▶ WORK REQUIRED: What is needed is an exact copy of the lines in the entries below from the one holding "Manny Malhotra holds" through the one holding "The Wish Booklet: Fashions", pictures excluded.

*** Opening DATA SECTION ***

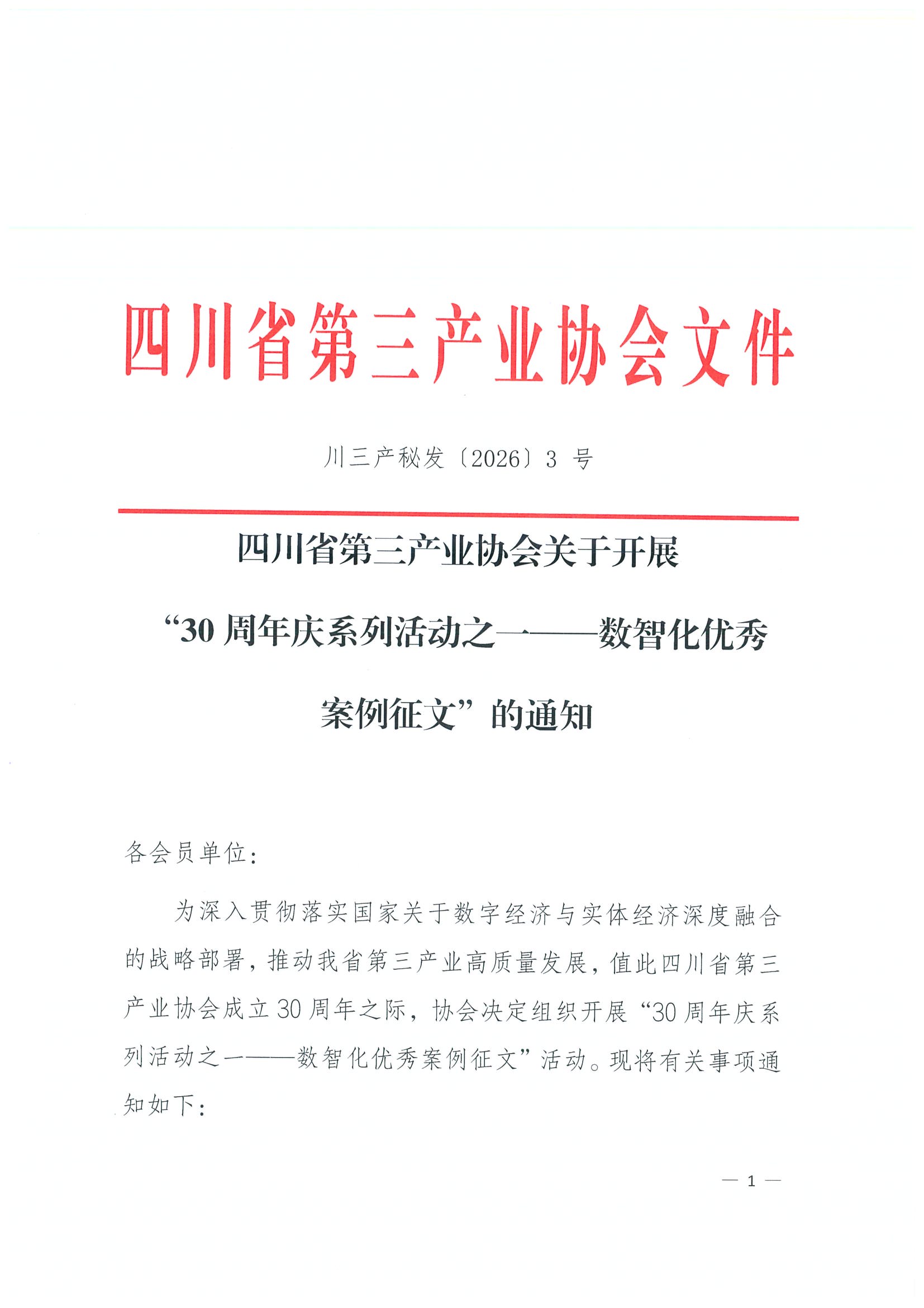 川三产秘发【2026】3号-四川省第三产业协会关于开展“30周年庆系列活动之一——数智化优秀案例征文”的通知
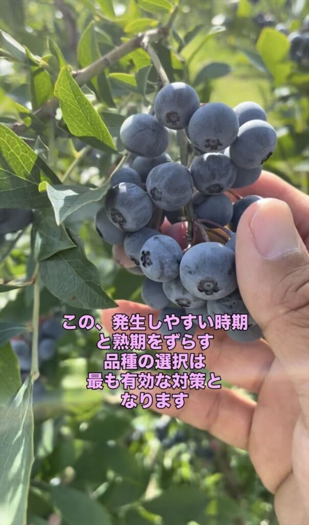 そのため、梅雨明けとなっていることが多い、8月上旬からのブルーベリーの品種をメインに栽培することも、ショウジョウバエ被害の防止となります。
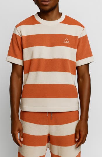 Supersoft cotton terry keeps you feeling comfortable in this classic-fit T-shirt flaunting bold stripes.
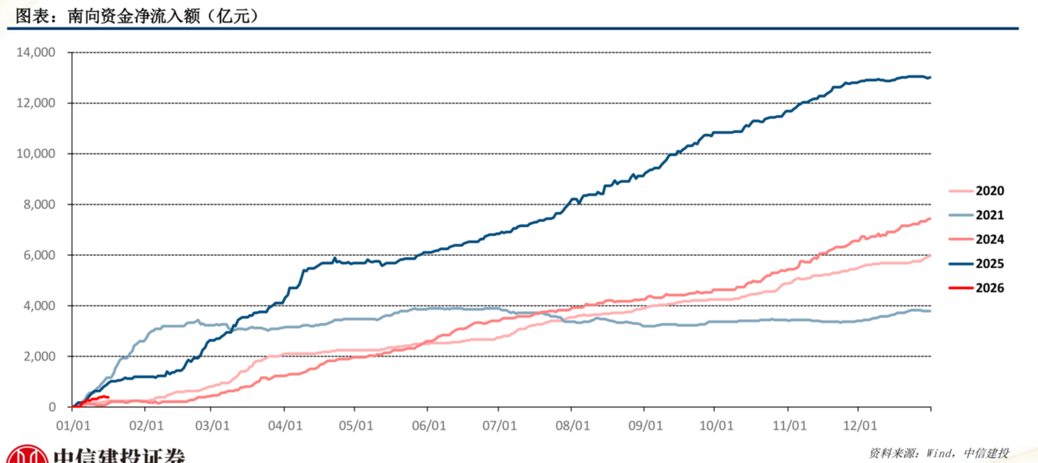 消息面上,政策环境与资金流向均偏向积极。香港金管局表示最优惠利率(P)已处历史低位,进一步下调空间有限,这有助于稳定净息差预期。资金层面,险资持续增持H股银行,2025年举牌达41次,其中33次投向H股银行;南向资金全年净买入超1950亿港元,建设银行H股、招商银行H股等成为重点配置标的。值得注意的是,历史数据显示春节前银行板块胜率超80%,而当前险资“开门红”配置需求与信贷“开门红”数据预期形成共振,进一步强化板块短期韧性。
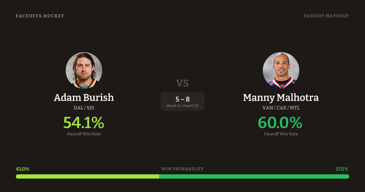 Manny Malhotra holds a +2.7% FO% edge overall. Look for Malhotra on defensive-zone draws (100% H2H, 4 meetings). Burish wins 55.2% vs left-shot opponents — Malhotra shoots left.
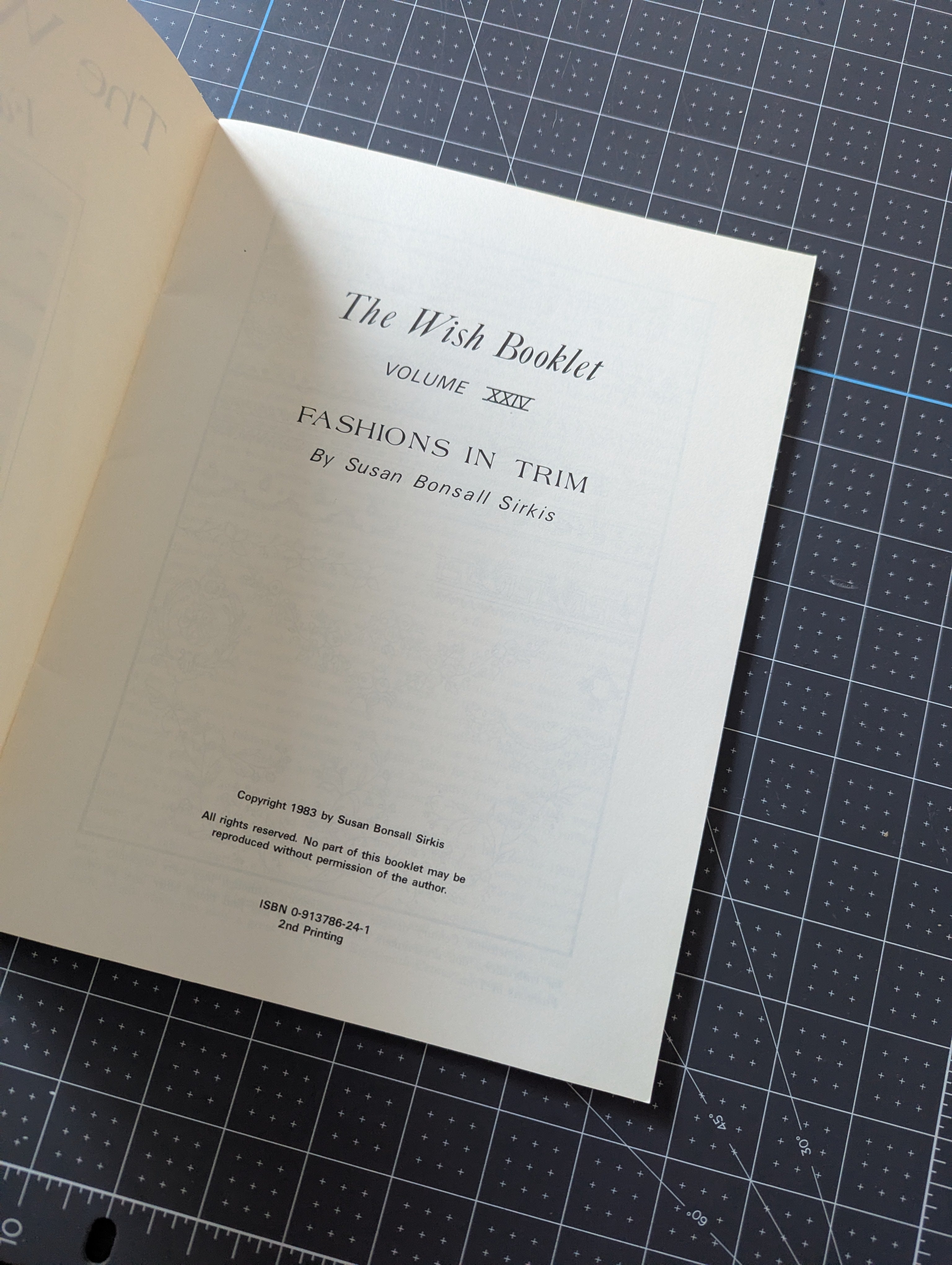 The Wish Booklet: Fashions in Trim - Vol XXIV - Susan Sirkis (1983)
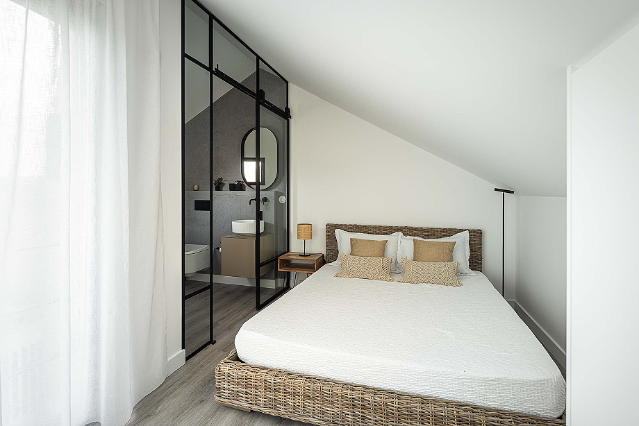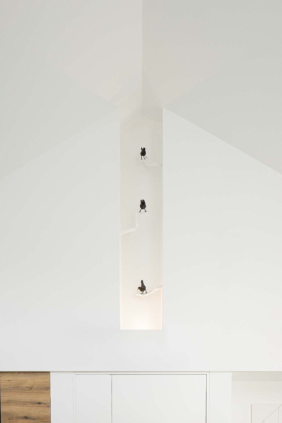 En el interior, se combina esta diversidad espacial con objetos cuidadosamente seleccionados: muebles de anticuario, elementos naturales utilizados como piezas decorativas y varias piezas artesanales creadas por el propio arquitecto. Entre ellas, destacan la escultura de un mirlo ubicada en el nicho sobre la entrada -una referencia al pueblo de Melroeira, llamado así por la abundancia de mirlos en la zona-, las diversas pinturas que representan mirlos o perspectivas de la casa, la lámpara del entrepiso, hecha a mano, y la lámpara del comedor, reutilizada. Estos elementos conviven armoniosamente con piezas decorativas sencillas disponibles comercialmente e, incluso, con la silla Shell de Hans Wegner, también adquirida de segunda mano.
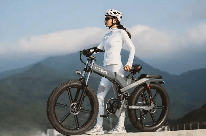 FAT TIRES SMOOTH OUT BUMPY PAVEMENT,20 × 4.0 INCH FAT TIRES With wider tire surface, ENGWE e-bike enables you to ride smoothly on rugged road sand tackle steep hills.
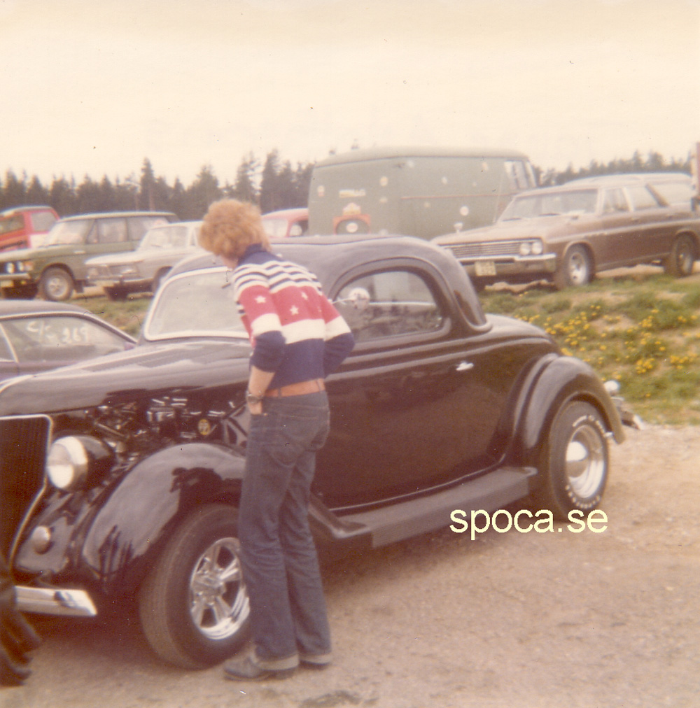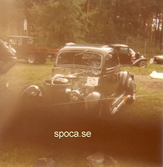 - Ford 1936 tre fönsters coupe, gammal Stockcar bil som vi var och tittade på så många gånger och trodde, den är nog inte så dålig. Vi hittade en liten bit bakom bakrutan på någon kvadrat decimeter som inte var bucklig. Senare var det någon som köpte bilen och skulle göra i ordning den. Forden var 20 centimeter högre än den skulle vara, den var ju smälld på bägge. Dessutom var den full med järnvägsräls inuti som skydd. Hade varit kul att ha idag och åkt omkring i.
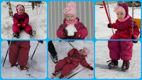 Любите ли вы зиму так, как люблю ее Я (вернее вся наша семья)? Наверно вы уже поняли насколько сильно любит зиму наша семья - папа Виталий, мама Марина, дочки Катюшка-котенок (3 года) и Машулька-мышонок (1 год) ! Наша старшая дочка Катюшка очень любит снежные забавы (снежки, снежные крепости, катание на санках, коньках, лыжах). Больше всего ей нравится кататься на коньках. А вот коньки у нее были еще мамины (помните как раньше железные на двух полозьях! - достали из бабушкиного волшебного сундучка). Теперь Катюша написала письмо Деду Морозу и ждет настоящие фигурные коньки!
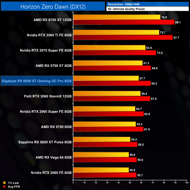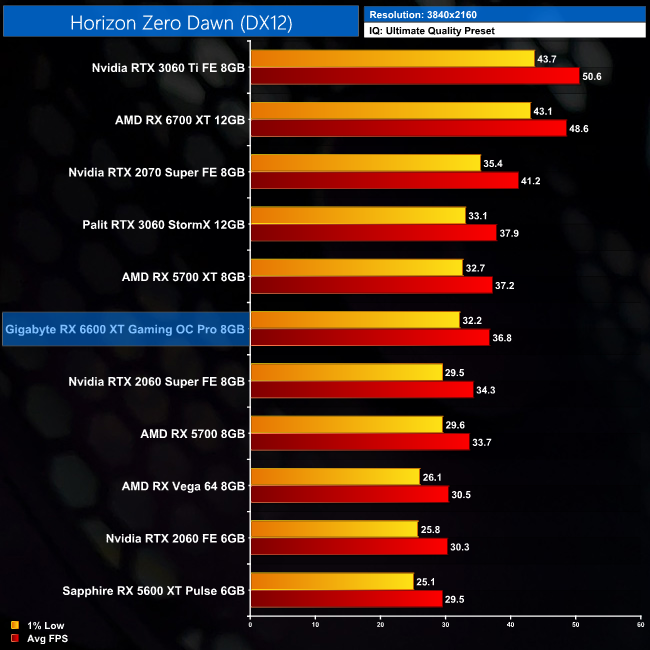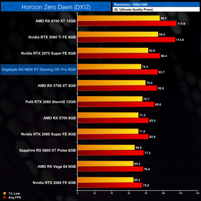 Horizon Zero Dawn is a much closer affair, with only a 5% margin separating the RX 6600 XT and the RTX 3060. The RX 5700 XT is also fractionally slower in terms of the average frame rate, but its 1% low performance is actually better than the 6600 XT by around 7% or so.
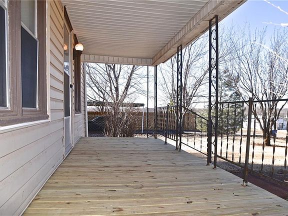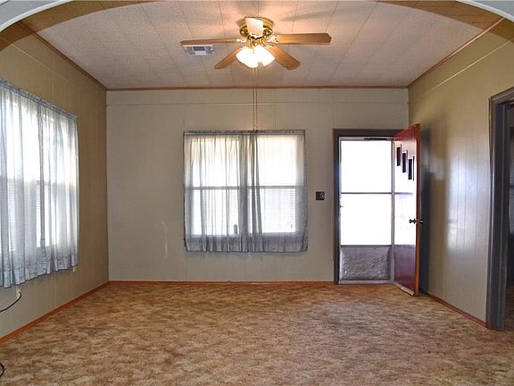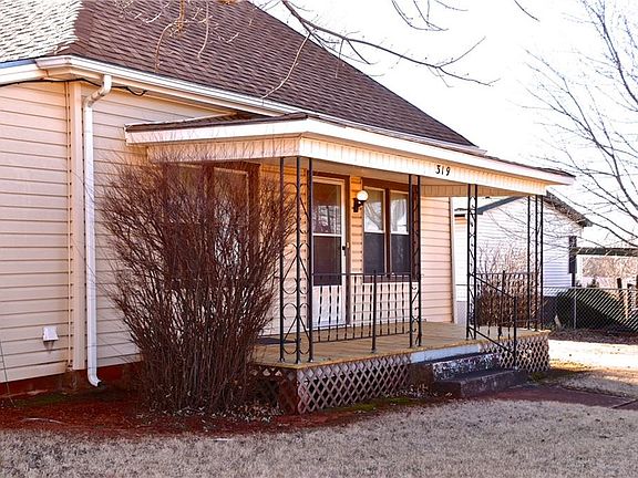 Cute little bungalow in the heart of Mulhall. This home has been well maintained such as new sewer and water lines to the main. The large, country kitchen includes farm sink and tons of storage including built-in hutch. All appliances stay - including refrigerator, stove, washer/dryer. Updated bathroom includes large shower and painted cabinetry. Living & Dining rooms are large with tons of windows! Relax in the back florida room or use for hobby/2nd living/office. Central Heat & Air in good working condition. Home is surrounded by chain link fence, provides a storm shelter and large outbuilding with loft and electric. Detached garage as well as a carport for additional parking.

*** Closing DATA SECTION ***

▶ FINISHED EXERCISE:
 Manny Malhotra holds a +2.7% FO% edge overall. Look for Malhotra on defensive-zone draws (100% H2H, 4 meetings). Burish wins 55.2% vs left-shot opponents — Malhotra shoots left.
 The Wish Booklet: Fashions in Trim - Vol XXIV - Susan Sirkis (1983)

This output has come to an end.